Sunning Plaza currently has a gfa of 277,000 sq ft, while Sunning Court has 98,000 sq ft.

The company received government approval for the enlarged floor plan in April 2009.

"Occupancy rate of the office area within Hysan Place has risen to 56 percent, from 53 percent as at end-2012," Lau said, adding rent for all retail spaces is set to rise. About 70 percent of customers at Hysan's retail complexes are locals, Lau noted, adding such businesses are therefore unlikely to feel a significant impact if visa rules for mainland visitors are tightened.

The firm's properties include the flagship Lee Gardens, as well as Lee Theatre Plaza, Lee Gardens Two and Leighton Centre - all in Causeway Bay.

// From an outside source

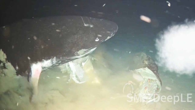 Pacific sleeper sharks have been captured feeding on the ocean floor in a rare sighting in the South China Sea (Picture: Ocean-Land-Atmosphere Research)

Annual underlying profit rose 23.8 percent to HK$1.62 billion last year, beating Bloomberg's estimate of HK$1.53 billion, thanks to higher-than-expected rental contribution from Hysan Place.

Earnings per share based on the underlying profit hit 152.83 HK cents.

The full-year dividend reached 95 HK cents, versus 79 HK cents in 2011.

Net asset value per share jumped 18.9 percent from a year before to HK$54.68.

Revenue rose 29.3 percent on year to HK$2.49 billion, but excluding the contribution of Hysan Place, revenue gained 6.9 percent to HK$2.06 billion.

Lau said up to HK$1 billion has been set aside for capital expenditure, excluding the budget for the two Sunning redevelopments.

Shares fell 1.6 percent to HK$39.55 even though earnings surpassed forecasts.